| Exercise aim |
Where the records below show a line containing "- Over 70% of", start copying; end with the line containing "Uganda vs Zimbabwe GDP by year", and copy it too.

| Provided data |
◆ ◆ ◆ ◆
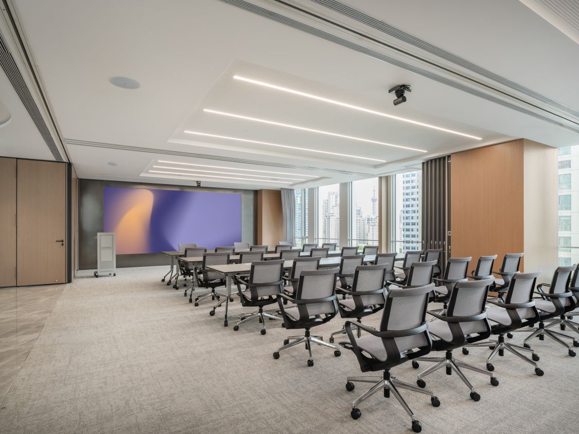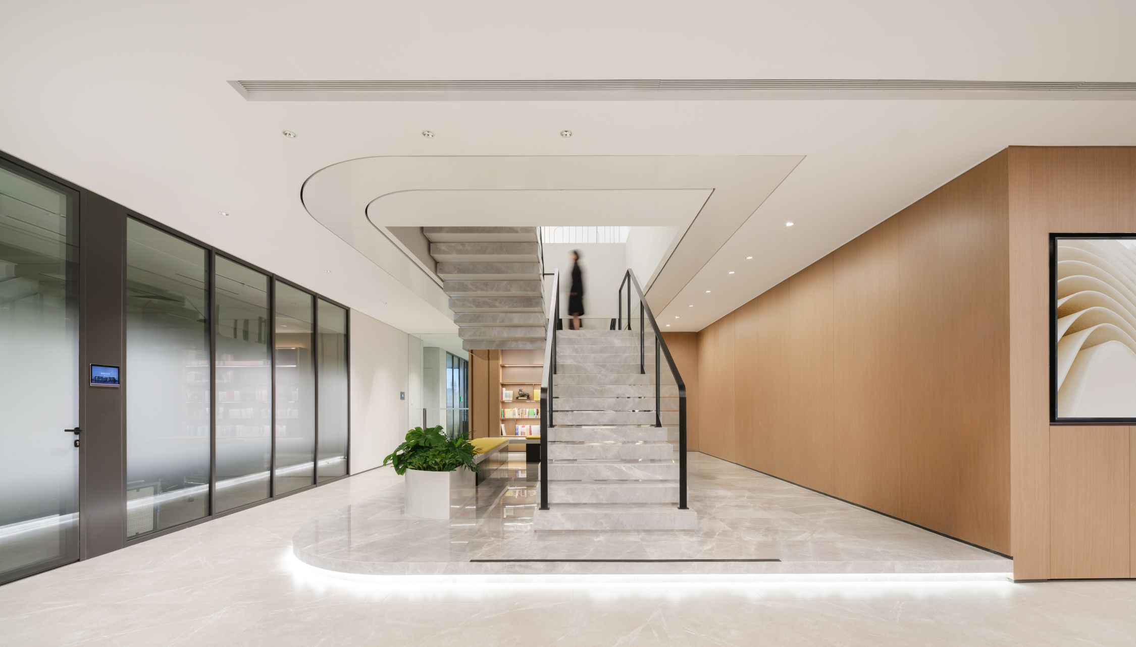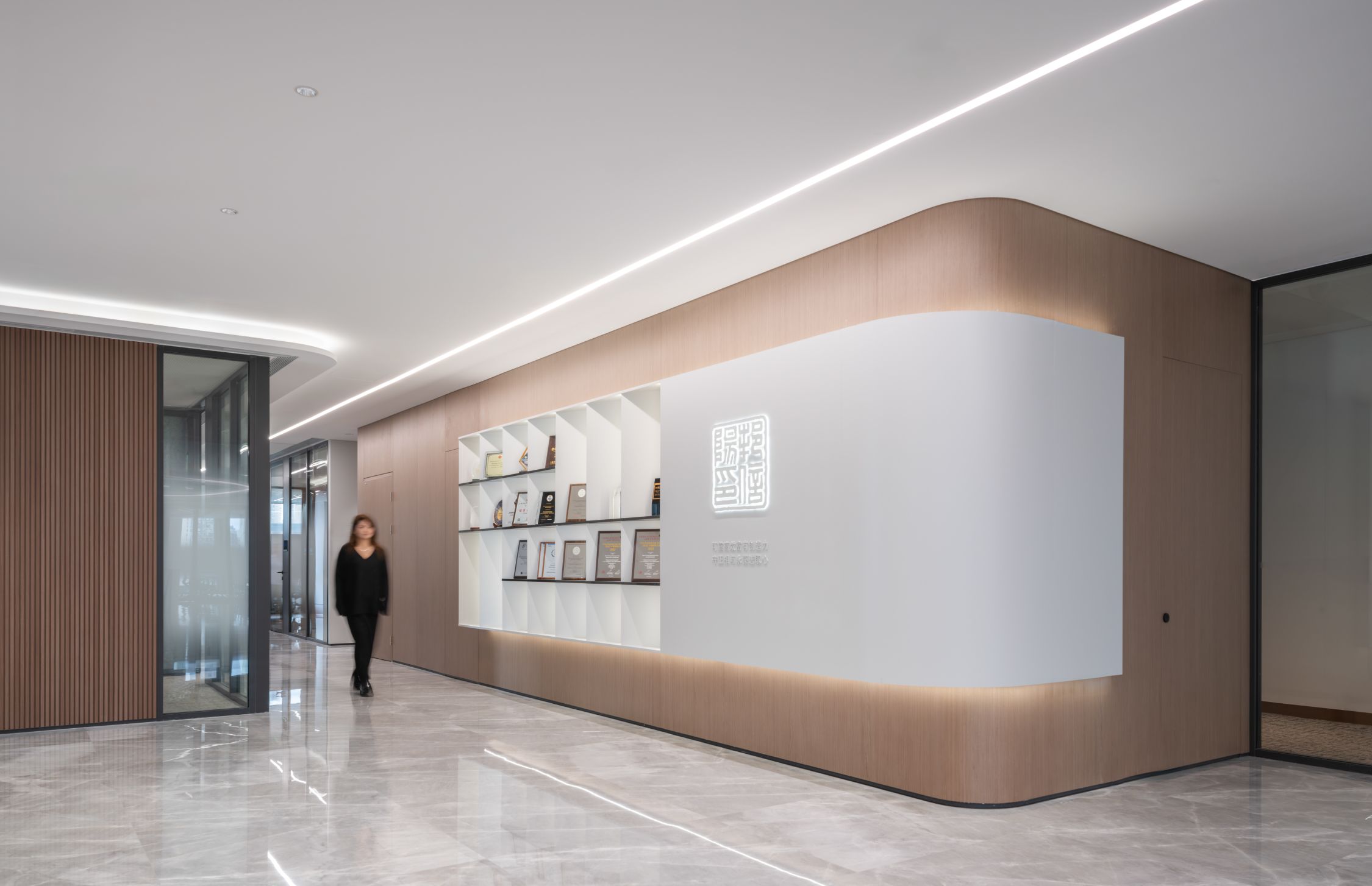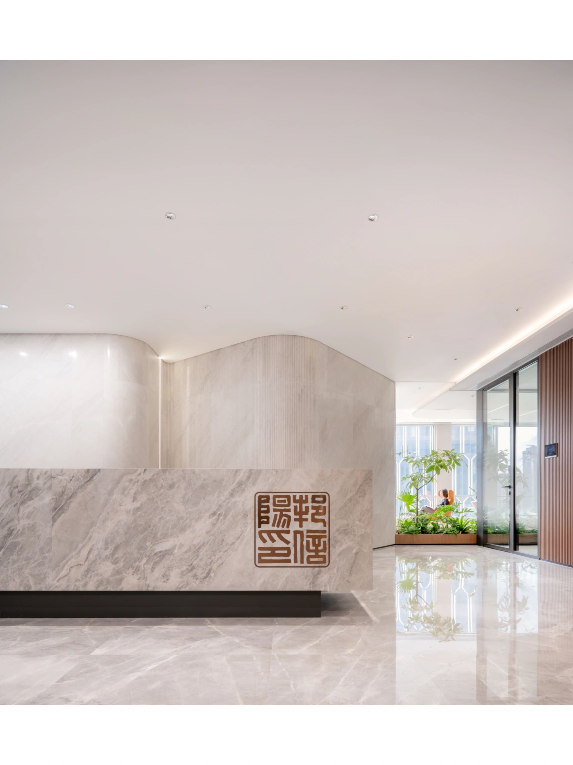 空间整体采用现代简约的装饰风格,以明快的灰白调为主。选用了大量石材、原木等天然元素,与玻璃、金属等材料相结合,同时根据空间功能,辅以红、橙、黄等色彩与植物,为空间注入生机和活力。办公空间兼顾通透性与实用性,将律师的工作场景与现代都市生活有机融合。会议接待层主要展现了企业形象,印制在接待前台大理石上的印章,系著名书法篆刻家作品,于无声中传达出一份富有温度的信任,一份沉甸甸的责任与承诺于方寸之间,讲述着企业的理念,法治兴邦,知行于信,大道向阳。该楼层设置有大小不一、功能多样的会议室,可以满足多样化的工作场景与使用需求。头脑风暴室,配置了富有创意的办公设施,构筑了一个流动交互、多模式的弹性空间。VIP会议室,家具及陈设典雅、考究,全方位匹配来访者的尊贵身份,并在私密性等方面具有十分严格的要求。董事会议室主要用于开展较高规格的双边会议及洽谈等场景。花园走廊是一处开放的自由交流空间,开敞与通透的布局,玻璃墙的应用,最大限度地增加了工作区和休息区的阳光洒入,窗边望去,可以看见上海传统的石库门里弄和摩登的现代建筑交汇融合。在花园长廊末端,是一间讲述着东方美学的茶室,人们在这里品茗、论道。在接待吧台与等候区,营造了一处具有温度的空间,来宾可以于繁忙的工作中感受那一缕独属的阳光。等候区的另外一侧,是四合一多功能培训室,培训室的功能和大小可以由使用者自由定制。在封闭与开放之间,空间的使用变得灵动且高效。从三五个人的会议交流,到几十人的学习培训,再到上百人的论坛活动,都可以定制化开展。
◆ ◆ ◆ ◆
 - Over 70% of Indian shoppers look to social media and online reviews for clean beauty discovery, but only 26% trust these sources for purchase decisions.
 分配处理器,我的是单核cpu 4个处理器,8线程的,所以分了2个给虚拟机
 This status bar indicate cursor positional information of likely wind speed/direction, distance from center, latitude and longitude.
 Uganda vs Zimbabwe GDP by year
◆ ◆ ◆ ◆
| Response area |
 - Over 70% of Indian shoppers look to social media and online reviews for clean beauty discovery, but only 26% trust these sources for purchase decisions.
 分配处理器,我的是单核cpu 4个处理器,8线程的,所以分了2个给虚拟机
 This status bar indicate cursor positional information of likely wind speed/direction, distance from center, latitude and longitude.
 Uganda vs Zimbabwe GDP by year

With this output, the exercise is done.